Posted At : June 1, 2009 11:54 AM | Posted By : D McKee
Related Categories: Station Casinos,Entertainment,George Maloof,Architecture,Morgans Hotel Group

Morgans' gradual obliteration of the Hard Rock Hotel & Casino continues apace, in this February photo. Actually, this was one of the few flattering angles to be found.

Ever since Morgans Hotel Group plunged into the Las Vegas market, first with Echelon and then the Hard Rock Hotel & Casino, it's been in over its head. Latest case in point: trying to run an ostensibly major concert venue like it's the Suncoast showroom.

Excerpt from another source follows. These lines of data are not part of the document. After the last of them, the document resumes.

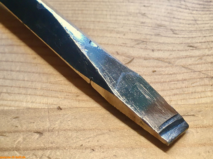 Dieser Dreikant-Hohlschaber mit blauem Holzgriff kann z.B. zum Reinigen von Lagern oder Entgraten von Bohrungen verwendet werden. Das untere Drittel ist messerscharf und pfeilspitz. Er gehörte zur HAZET Werkstattausrüstung für luftgekühlte VW und auch andere Fahrzeuge. Die Länge vor dem Griff ist 150 mm, die Gesamtlänge 265 mm.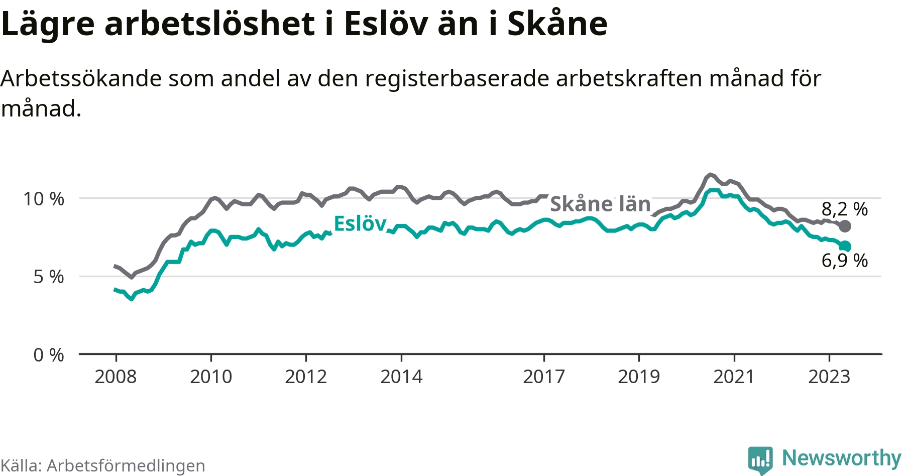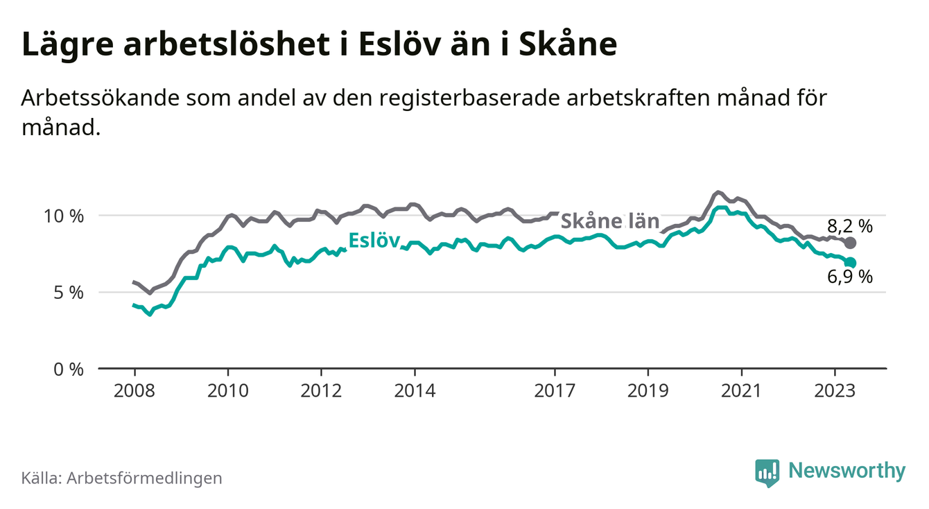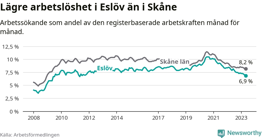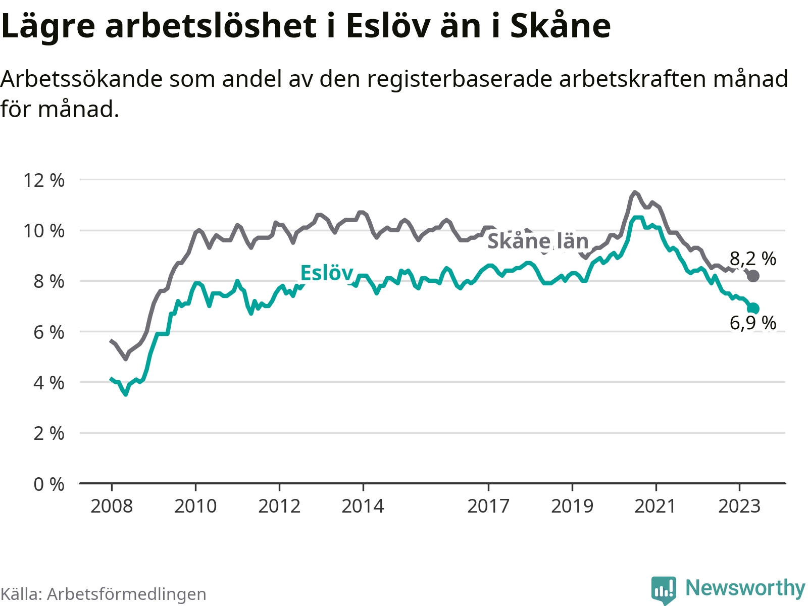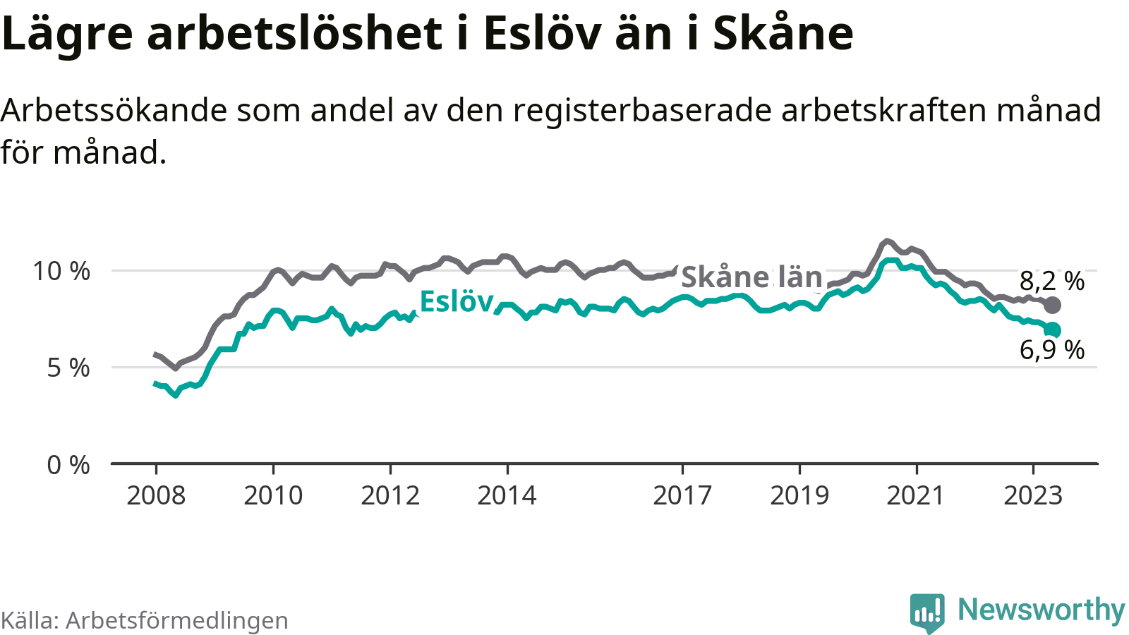 Det är 25:e månaden i följd som arbetslösheten i Eslöv är lägre än den var under samma tidpunkt året innan. Sedan april 2021 har arbetslösheten gått ner från 9,4 till 6,9 procent. Den nuvarande arbetslöshetsnivån är därmed den lägsta sedan juli 2011.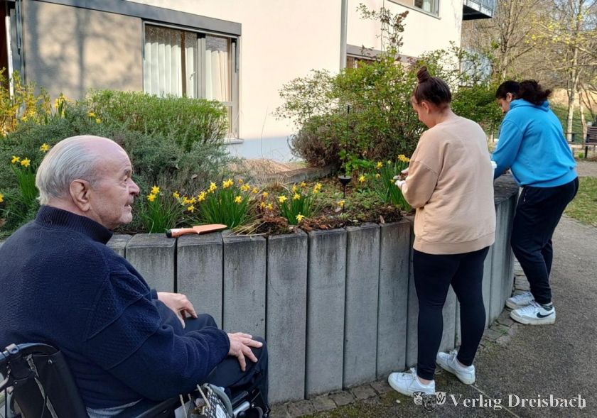 Beim zweiten Durchgang ging es praktischer zu, denn auf dem Programm stand die Arbeit im Grünen. Die beiden Gärten des Kursana Domizils sollten für den Frühling vorbereitet werden. Die Schüler entfernten Unkraut und Laub, mähten den Rasen, lockerten die Erde auf und setzten Blumenzwiebeln. Einige Senioren beteiligten sich und viele staunten, wie fleißig die Kinder sind. Eine Bewohnerin war besonders fleißig und sagte: „Als Bauerntochter bin ich es gewohnt und habe immer gern mit angepackt. Es gibt doch nichts Schöneres, als an der frischen Luft gemeinsam zu arbeiten.“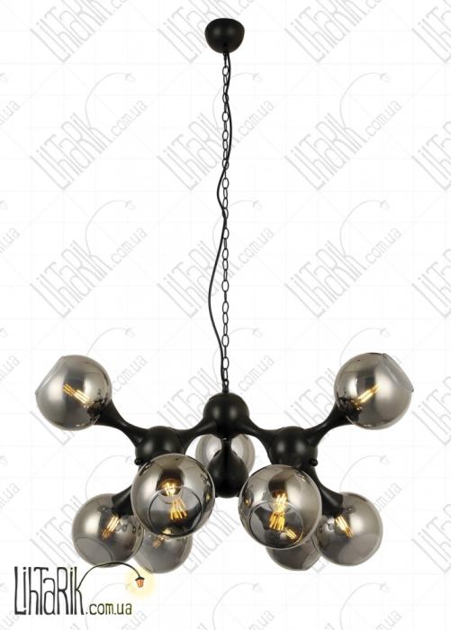 Подвесной светильник, Светильник подвесной круглого (шарообразного) вида впишется в любую дизайнерскую среду. Подходит для вашей гостиной, спальни. Модель представлена в черных тонах. Светильник изготовлен из металла, стекла высокого качества

Based on what we encountered during Saturday night's attempt to see Supernatural Santana, if you're planning to catch a show at The Joint (sorry, "The Rogue Joint"), better get there super-early and pack a picnic lunch, too. At 15 minutes to curtain time, lines both for ticket purchase and for "Will Call" stretched waaaaaaaaaaaaaaaay back into the new convention area. An understaffed box office of (by our count) two ticket sellers was clearly inadequate to cope with the turnout. Knowing defeat when we saw it, we took our business over to The Palms.

Is anybody else fed up with Morgans' make-it-up-as-you-go-along style? Or what about its conversion of the once-elegant HRH into a scrum of buildings that strongly resembles an office park with some light-industrial facilities out front on Paradise? No? Just me? OK.

Speaking of The Palms, the place was crawling with customers, as always -- including a septet of German lager louts (but that's another story). So who does Station Casinos CEO Frank Fertitta III think he's kidding when he writes off the value of Station's minority stake in George Maloof's place?

Maloof takes offense at this diss of his property and rightly so. Fertitta grossly overvalued Station when he took it private and now looks like he's "stashing" some of that excess valuation via this Palms writedown. As feats of ledger-demain go, this one wouldn't even make it as an afternoon magic act at the Greek Isles.